■ PROBLEM DETAILS
As you work through the listing below, copy each line exactly and drop the images.

■ THE DATA
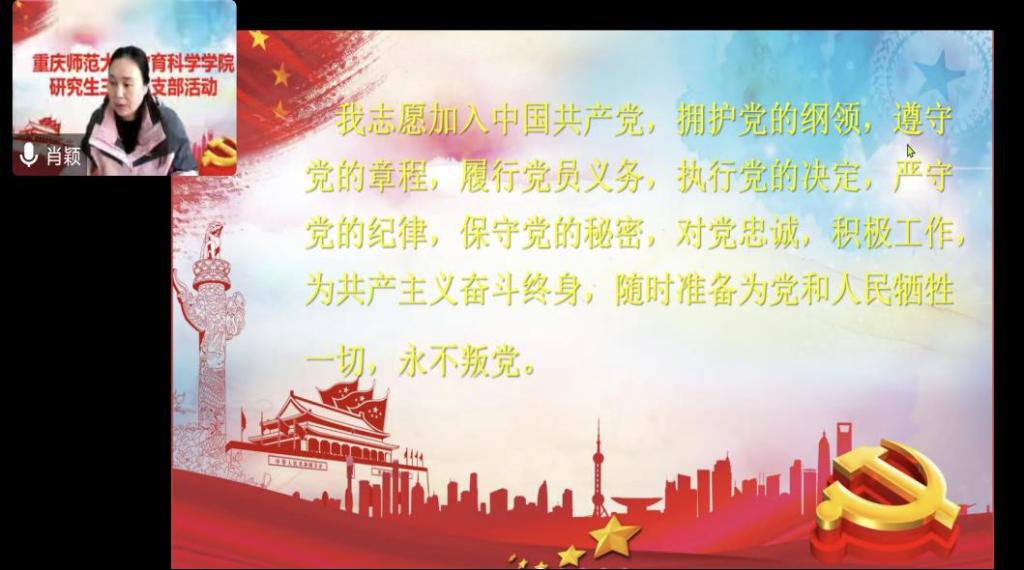 本系支部活动首先对罗诗敏、陆小辉、陈萌、艾先润四位同志严格按照组织发展程序进行了发展。党支部书记肖颖宣读了支部决议,并对四位同志提出了要求与期望,四位同志表态承诺在今后的学习和工作中将更加严格要求自己,努力提升自己,用实际行动终生践行入党誓词。
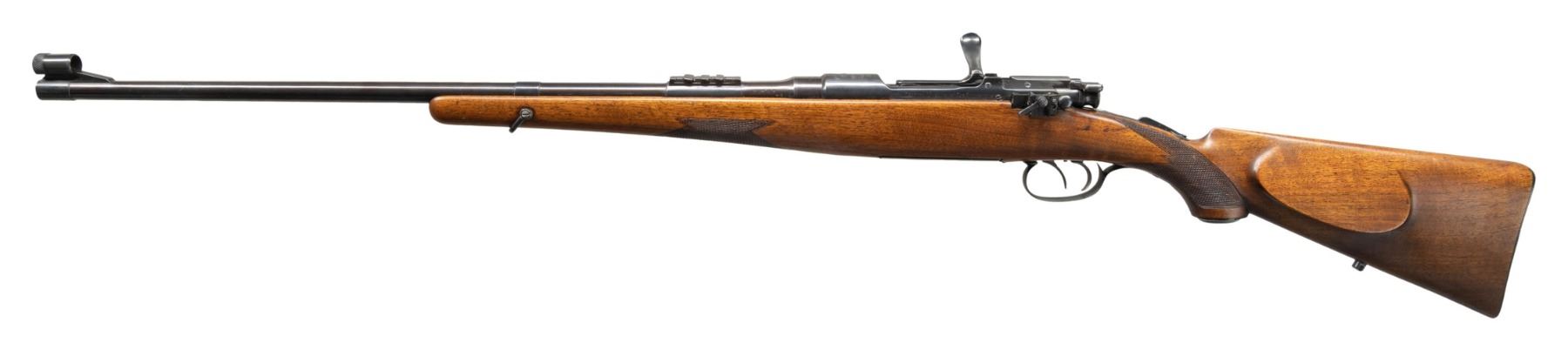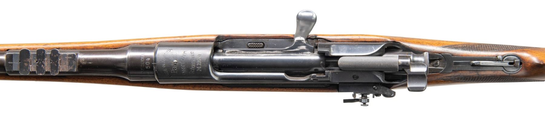 SPORTING RIFLE. Cal. 8x60 mm. S#. 1101. Bbl. 24" tapered round. Ramp mounted bead front sight is equipped with an over size modern hood. The original rear sights consist of a 3 folding leaf express sight on the barrel with a peep sight that folds in the top tang. Left side of receiver is equipped with the base only for an added receiver sight. The front ring and left side of the receiver have several added holes with plug screws for scope mount attachment. Half length cheekpiece walnut stock features a horn grip cap, steel trapdoor buttplate, sling swivel bases and hand checkering. The breech end of the bbl. is stamped "SEQUOIA / 504" referring to Sequoia Importing Co. of San Francisco. The model 1924 was originally chambered only in .30-06. After 1933 it was chambered for 6 cartridges including the 8x60mm. The rifle with additional chamberings was known in Europe as the model 1925. CONDITION: metal surfaces retain the majority of their reblued finish. Refinished stock shows a few marks and slightly weakened checkering. Darkened bore retains strong rifling. (25-5043/DS). CURIO. $1,000-1,500.
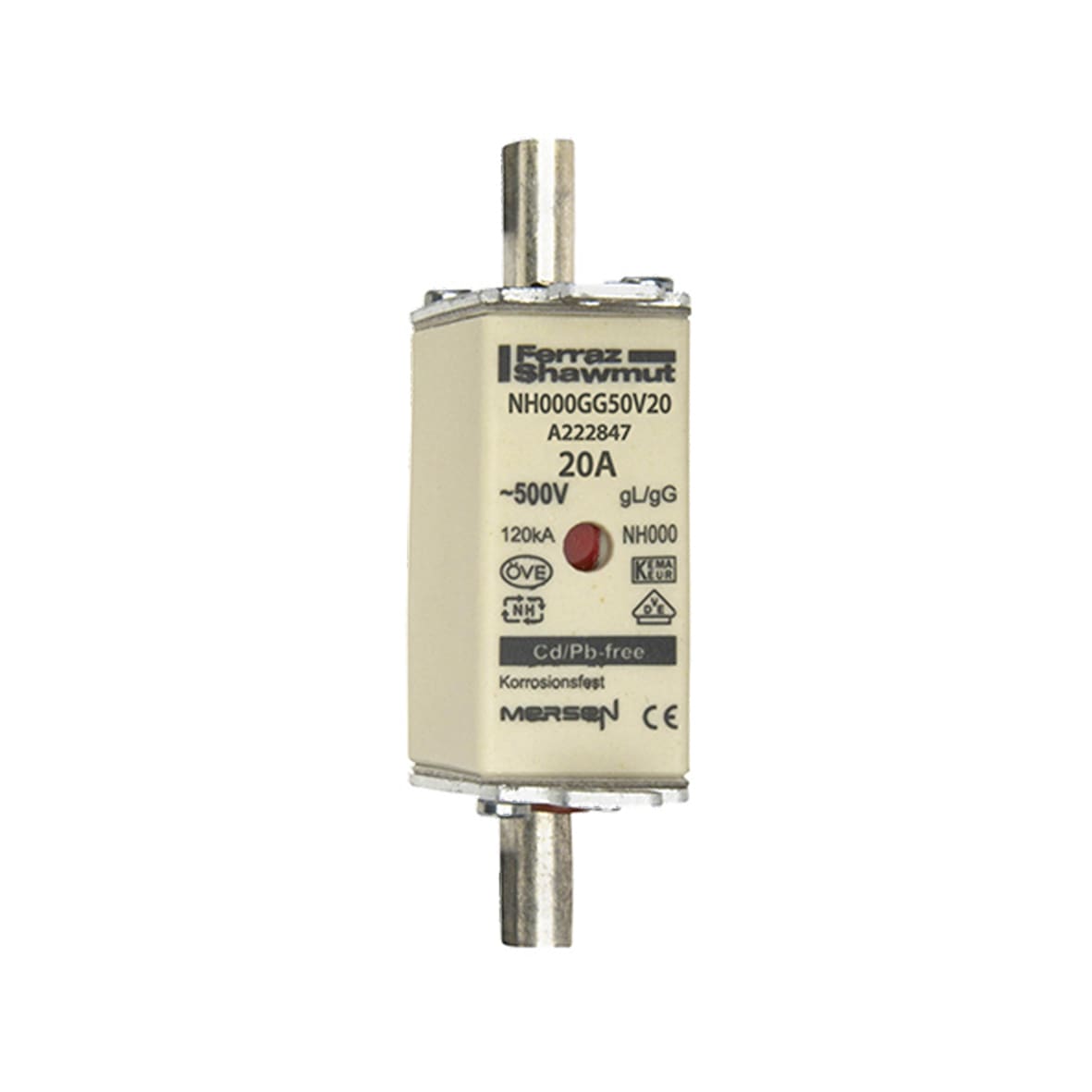 Fusibile NH, marca MERSEN ITALIA SPA, modello XESA222847 - FUS. NH BT TAGLIA 000 - 500VAC GG 20A
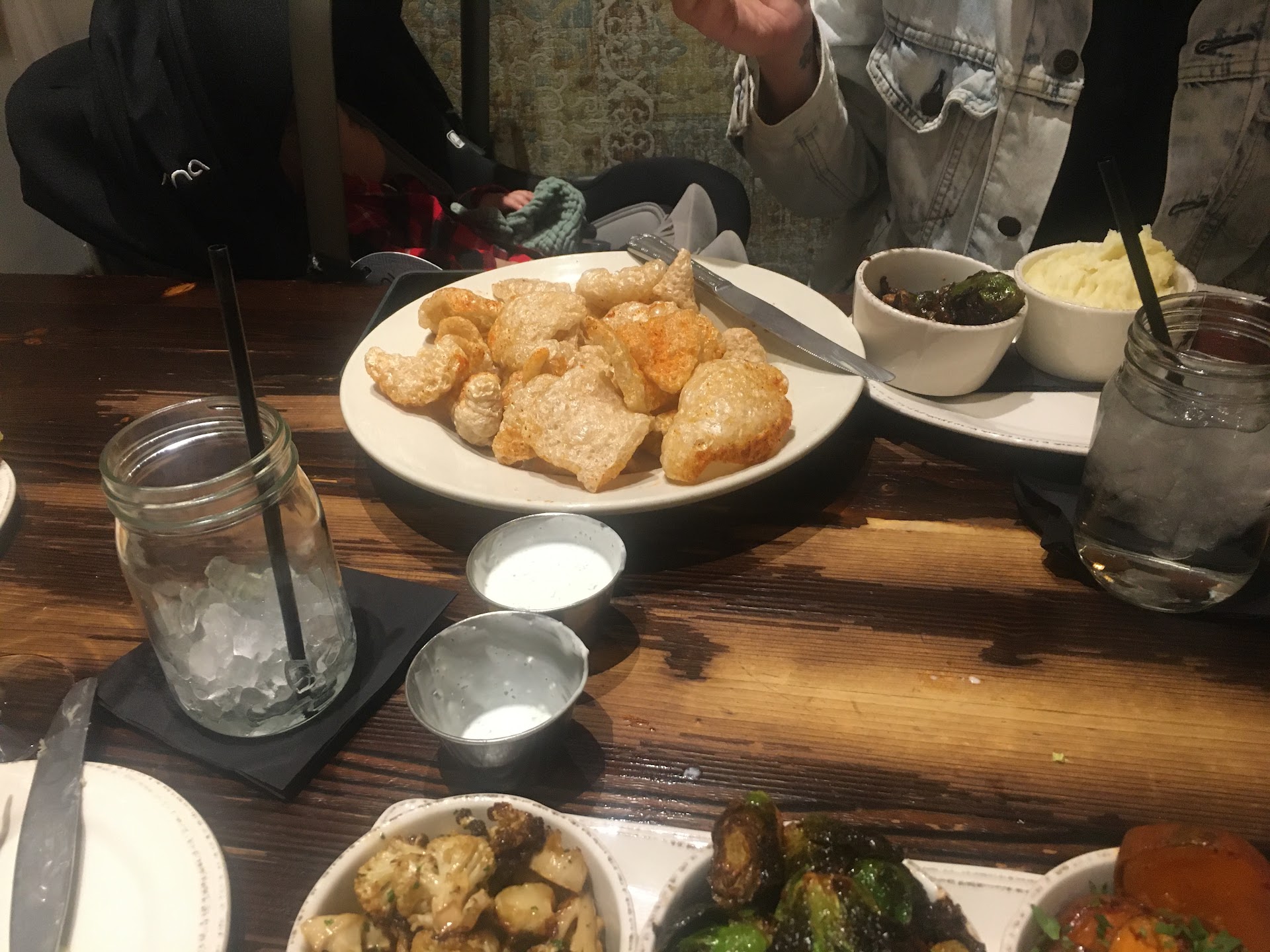 Read moreThis is a tough one to rate for me, for these reasons that follow. First off, the food was excellent. Definitely no complaints at all on the food. We had biscuits with bacon jam & gravy for an appetizer, and the bacon jam was fantastic. I had the pecan pulled pork with creamed grits and roasted corn, she had the chicken breasts smothered in pimento cheese, and it was all fantastic. The reason for the 3 stars is this, we had a reservation for 7:30 for a booth. They called my phone at 7:29 (we were right outside waiting), right on time, except what they had for us was a table, not a booth. It was VERY loud inside, and because of this, I really wanted the booth that we reserved. They said we would have to wait some additional time for a booth to open up. After another 5-7 mins of waiting for one to open up, we decided to just eat outside. It was extremely loud inside, and that seemed like a better solution. It would have been, except the flies were really bad outside. We spent the whole meal swatting at the flies, which really killed the evening. Like I said, this was a tough one to rate, because the things that didnt go well, weren't exactly in the restaurant's control. The food got 5 stars easy enough, but the rest of our experience is why I ended up with 3 stars. I'm iffy on going back or not, we drove 45 mins to get there, and it didn't end up all that well. Their dessert menu had some things on there that sounded good, but the flies were so bad we went somewhere else...

■ EXERCISE ANSWER
 本系支部活动首先对罗诗敏、陆小辉、陈萌、艾先润四位同志严格按照组织发展程序进行了发展。党支部书记肖颖宣读了支部决议,并对四位同志提出了要求与期望,四位同志表态承诺在今后的学习和工作中将更加严格要求自己,努力提升自己,用实际行动终生践行入党誓词。
 SPORTING RIFLE. Cal. 8x60 mm. S#. 1101. Bbl. 24" tapered round. Ramp mounted bead front sight is equipped with an over size modern hood. The original rear sights consist of a 3 folding leaf express sight on the barrel with a peep sight that folds in the top tang. Left side of receiver is equipped with the base only for an added receiver sight. The front ring and left side of the receiver have several added holes with plug screws for scope mount attachment. Half length cheekpiece walnut stock features a horn grip cap, steel trapdoor buttplate, sling swivel bases and hand checkering. The breech end of the bbl. is stamped "SEQUOIA / 504" referring to Sequoia Importing Co. of San Francisco. The model 1924 was originally chambered only in .30-06. After 1933 it was chambered for 6 cartridges including the 8x60mm. The rifle with additional chamberings was known in Europe as the model 1925. CONDITION: metal surfaces retain the majority of their reblued finish. Refinished stock shows a few marks and slightly weakened checkering. Darkened bore retains strong rifling. (25-5043/DS). CURIO. $1,000-1,500.
 Fusibile NH, marca MERSEN ITALIA SPA, modello XESA222847 - FUS. NH BT TAGLIA 000 - 500VAC GG 20A
 Read moreThis is a tough one to rate for me, for these reasons that follow. First off, the food was excellent. Definitely no complaints at all on the food. We had biscuits with bacon jam & gravy for an appetizer, and the bacon jam was fantastic. I had the pecan pulled pork with creamed grits and roasted corn, she had the chicken breasts smothered in pimento cheese, and it was all fantastic. The reason for the 3 stars is this, we had a reservation for 7:30 for a booth. They called my phone at 7:29 (we were right outside waiting), right on time, except what they had for us was a table, not a booth. It was VERY loud inside, and because of this, I really wanted the booth that we reserved. They said we would have to wait some additional time for a booth to open up. After another 5-7 mins of waiting for one to open up, we decided to just eat outside. It was extremely loud inside, and that seemed like a better solution. It would have been, except the flies were really bad outside. We spent the whole meal swatting at the flies, which really killed the evening. Like I said, this was a tough one to rate, because the things that didnt go well, weren't exactly in the restaurant's control. The food got 5 stars easy enough, but the rest of our experience is why I ended up with 3 stars. I'm iffy on going back or not, we drove 45 mins to get there, and it didn't end up all that well. Their dessert menu had some things on there that sounded good, but the flies were so bad we went somewhere else...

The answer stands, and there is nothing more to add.